▶ [ACTIVITY]: Return verbatim the lines that run from the one holding "Ak High Bridge" to the end of the listing, both ends included, without the pictures.

▶ [INFORMATION SUPPLIED]:

::::::::::

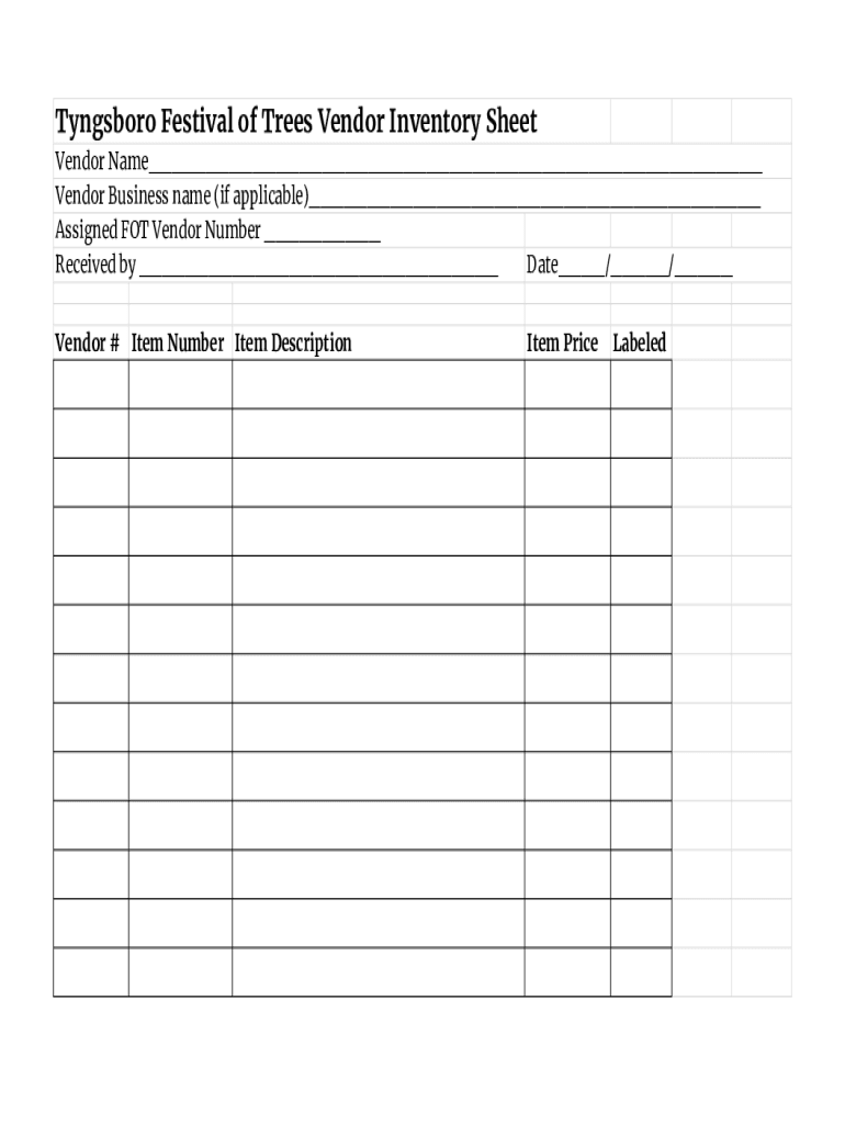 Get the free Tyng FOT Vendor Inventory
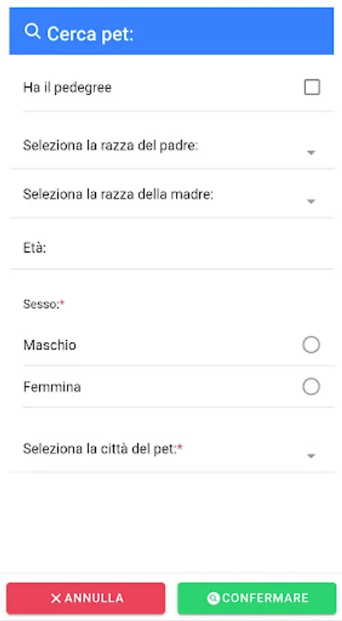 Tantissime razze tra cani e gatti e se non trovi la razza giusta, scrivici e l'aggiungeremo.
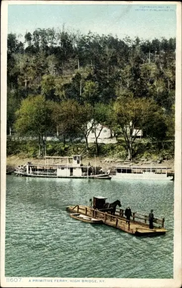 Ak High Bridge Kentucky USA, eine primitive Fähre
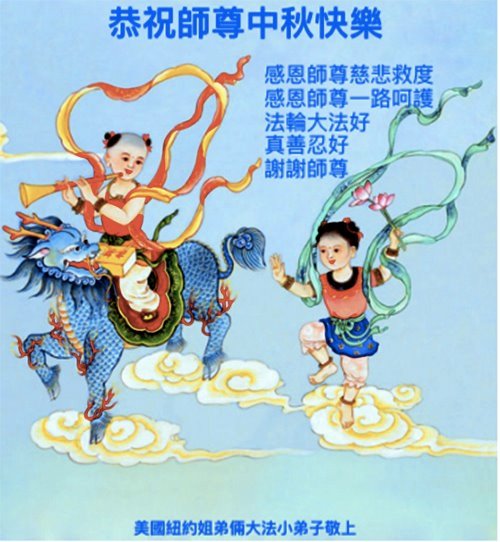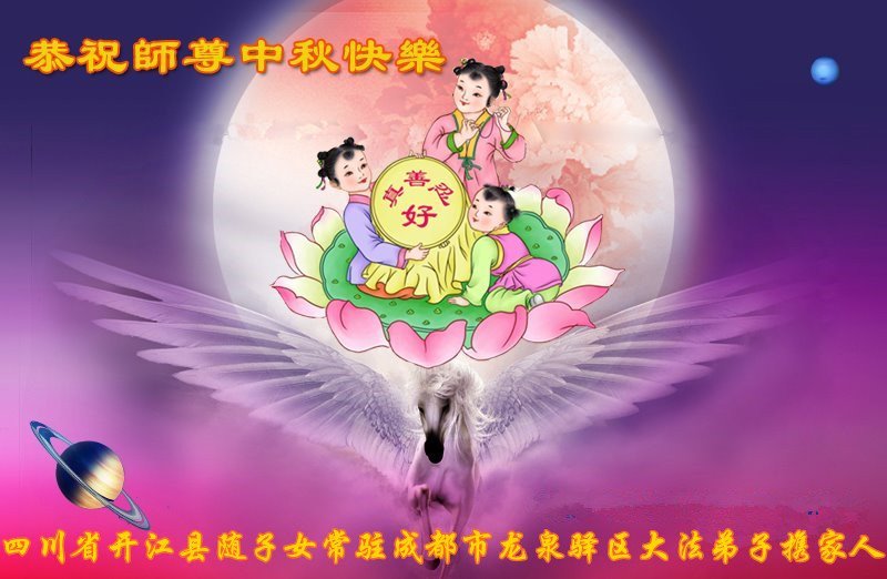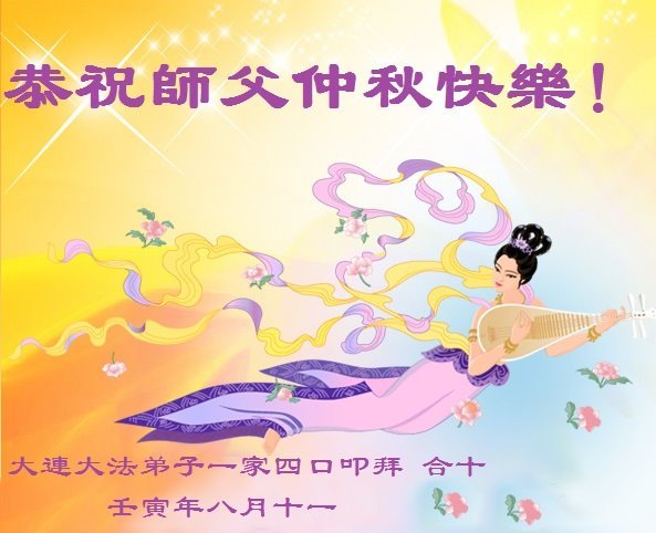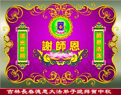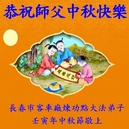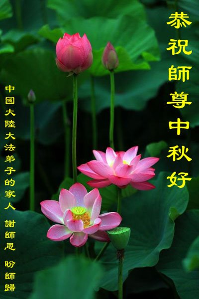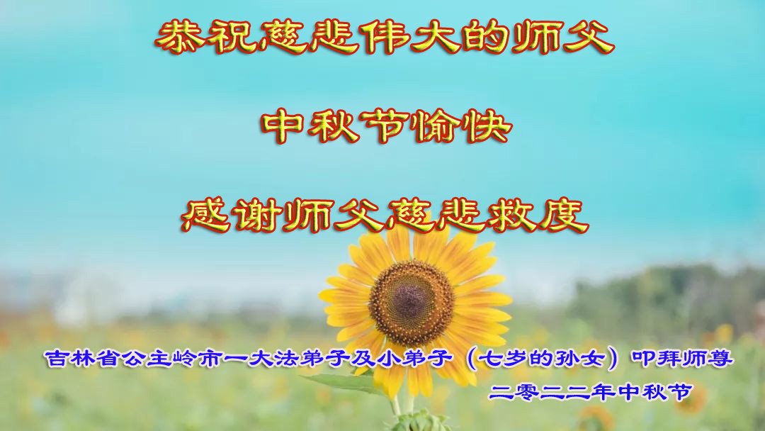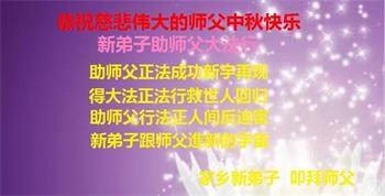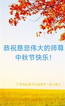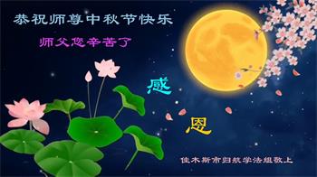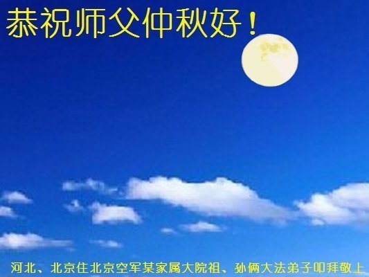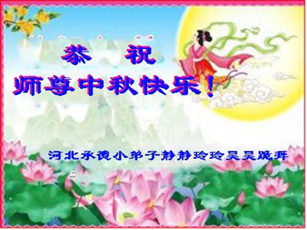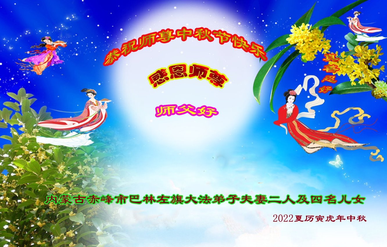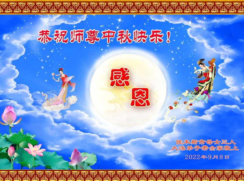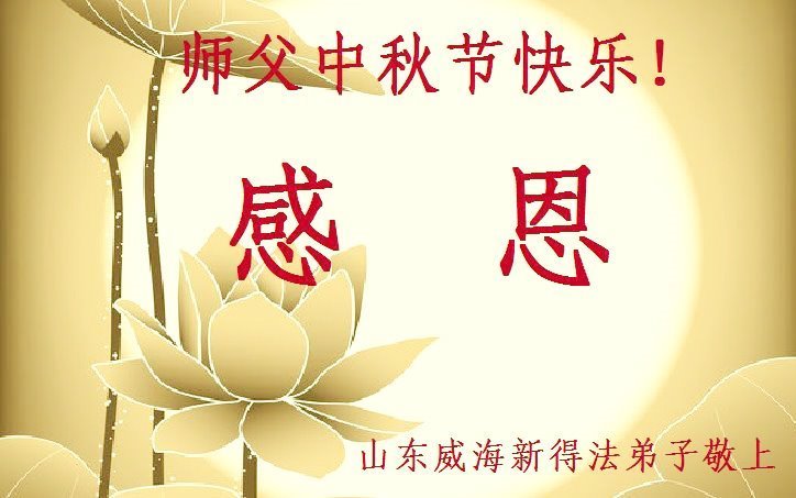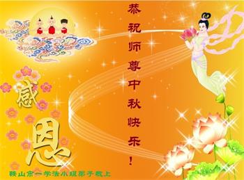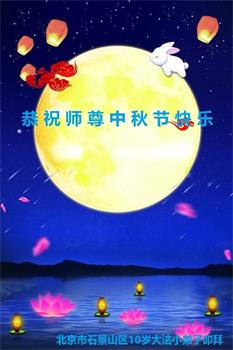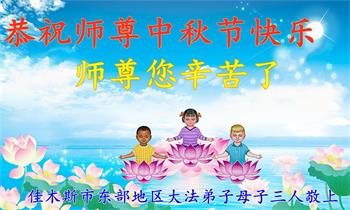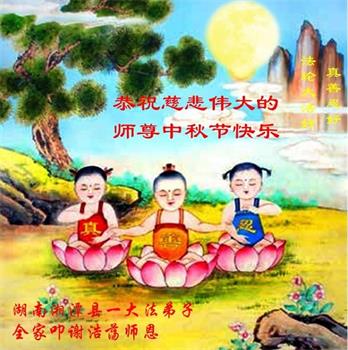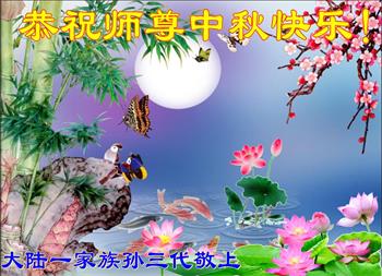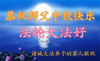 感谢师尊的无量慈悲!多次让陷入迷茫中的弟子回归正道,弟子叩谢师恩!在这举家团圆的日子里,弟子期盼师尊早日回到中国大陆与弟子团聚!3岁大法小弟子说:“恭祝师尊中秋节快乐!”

::::::::::

▶ [TASK RESULT]:
 Ak High Bridge Kentucky USA, eine primitive Fähre
 感谢师尊的无量慈悲!多次让陷入迷茫中的弟子回归正道,弟子叩谢师恩!在这举家团圆的日子里,弟子期盼师尊早日回到中国大陆与弟子团聚!3岁大法小弟子说:“恭祝师尊中秋节快乐!”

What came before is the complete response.